Ruth suchte nach ihrem Handy. „Viertel vor elf", meinte sie, als sie es gefunden hatte. „Wann seid ihr denn verabredet?"
„Shit!" Ich sprang aus dem Bett. „In einer viertel Stunde! An der Charing Cross, das heißt ich brauche fast eine halbe Stunde, bis ich da bin."

Bevor Ruth etwas sagen konnte, war ich aus dem Zimmer geflüchtet und ins Bad geflitzt.

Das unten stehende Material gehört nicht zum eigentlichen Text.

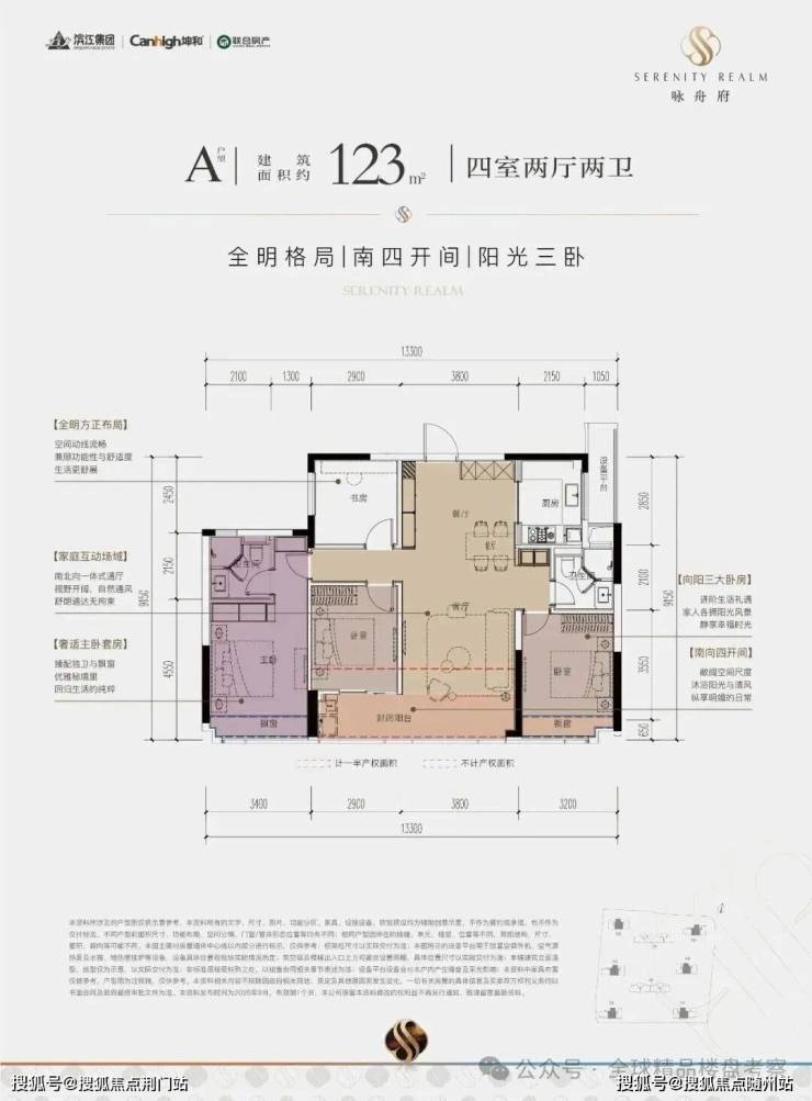 核心标签:南向四开间+阳光双套房+270°弧形飘窗

So schnell es ging zog ich mir den Pyjama aus (diesmal Hello Kitty) und stellte mich unter die Dusche. Das Wasser war noch nicht warm, aber das war es fast nie, also war ich daran gewöhnt. Ich hätte mir wirklich einen Wecker stellen sollen. Sonst war es fast immer egal, wann ich aufwachte, deswegen hatte ich einfach nicht daran gedacht.